Understanding Relative Energy Deficiency in Sport (RED-S): Symptoms and Treatment
In this two-part series, UT Health Austin clinicians discuss the importance of adequate caloric intake for young athletes
Reviewed by J. Mica Guzman, Jr., MD, MBA, DABFM, CAQSM; Mia Roldan, LCSW, LCDC; Akua Afriyie-Gray, MD, FACOG; Lizette Taboada, RD, LD
Written by Lauren Schneider
As described last month, Relative Energy Deficiency in Sport (RED-S) arises when an athlete’s energy output greatly exceeds their caloric energy intake. This condition greatly affects young athletes as their bodies develop and their nutrient needs increase.
According to Akua Afriyie-Gray, MD, inadequate nutrition can disrupt reproductive function. Dr. Afriyie-Gray serves as a pediatric and adolescent gynecologist at Pediatric and Adolescent Gynecology, a clinical partnership between Dell Children’s Medical Center and UT Health Austin.
One reproductive consequence of low energy intake is hypothalamic hypogonadism, a disruption in the pathway by which the brain’s hypothalamus governs activity in the gonads (ovaries or testes).
Dr. Afriyie-Gray compares this circuit to a highway that connects the hypothalamus, the pituitary gland, and the gonads. In individuals with hypothalamic hypogonadism, “everything is stopping at that first exit off the highway at the hypothalamus instead getting to the pituitary and the gonads.”

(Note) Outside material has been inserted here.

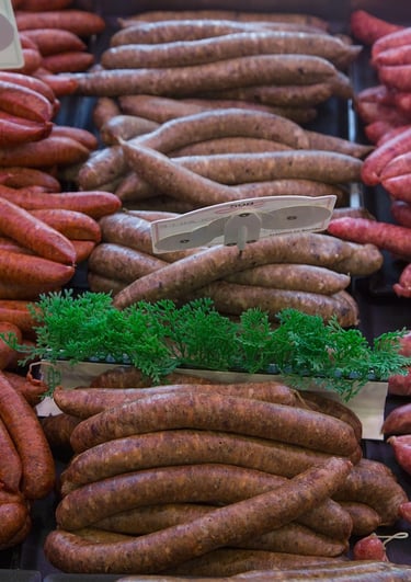Merguez et saucisses de plusieurs saveurs et origines

This impaired communication between the brain and ovaries can lead to hypothalamic amenorrhea, the partial or full suppression of one’s menstrual cycle. According to Dr. Afriyie-Gray, losing one’s period in this way is often normalized within certain sports including distance running, dance, and gymnastics.
“Because it’s very common to have hypothalamic amenorrhea in those situations, people say ‘That’s how it is. It’s just normal,’” she says. “It’s not quite normal because you are at risk for injuries that could affect the sport.”
Dr. Guzman from the Sports and Injury Clinic warns that certain athletes may view amenorrhea as a sign of dedication to their sport.
“In women’s sports, particularly at the middle school, high school, and collegiate levels, it’s sometimes seen as a rite of passage that you have to lose your menses. And that means that you’re an athlete that’s serious.”
A recent article in Runner’s World magazine argues that RED-S may be underdiagnosed in male athletes because loss of menstruation is the most widely-recognized sign that an athlete has an energy deficiency. Dr. Guzman says that male athletes can also develop hypothalamic hypogonadism due to RED-S, which manifests as decreased libido or reproductive function.
Lower lifelong calcium levels
Dr. Guzman observes that young athletes with insufficient diets are less likely to consume enough calcium to keep their bones strong, missing out on a critical window of calcium storage that ends in one’s mid-twenties. Calcium stored during this time is utilized for the rest of a person’s life.
“If you have a lower volume of that calcium in your bone, you’re setting yourself up potentially for earlier onset osteopenia (loss of bone mineral density) or osteoporosis,” he says.
This is especially troubling for those who go through menopause, as decreased estrogen levels lead to unchecked remodeling and metabolism within the bone. Those with lower bone calcium are more vulnerable to osteoporosis resulting from this process.
Identifying and treating RED-S
Because of the potential lifelong consequences of RED-S, identifying the condition in young athletes is of upmost importance. Additional signs of RED-S may include:
- Hair loss
- Decreased immunity
- Muscle weakness
- Psychological changes such as depression or irritability
Dr. Afriyie-Gray of Pediatric and Adolescent Gynecology says that while individual symptoms can be remedied, RED-S is best treated by a multidisciplinary team in collaboration with the patient and their family. This team may include physicians, nutritionists, and mental health professionals.
According to Dr. Afriyie-Gray, the root cause of the condition will inform the team’s approach to treatment. For example, practitioners often include a patient’s coach in the recovery process, but coaches may not be involved in treatment if anorexia and bulimia are identified as the primary cause of symptoms rather than overexercise.
Additional changes to a treatment plan may be introduced as clinicians monitor the patient’s recovery; athletes with persistent RED-S symptoms may even be urged to discontinue their sport altogether.
“Dysfunctional exercise like exercise addiction, exercise dependence, or compulsive exercise is a symptom of eating disorders, and this might contribute to relapse or persistent symptoms during treatment,” explains Taboada, the registered dietitian on the Integrated Behavioral Health team. She adds that the specific interventions employed in a patient’s treatment plan will vary on a case-by-case basis.
Along with a multidisciplinary team of providers and an approach tailored to the root cause of the patient’s symptoms, Taboada says that time is of the essence when treating RED-S. “The sooner the patient receives treatment, the easier it is to change momentum and recover easier.”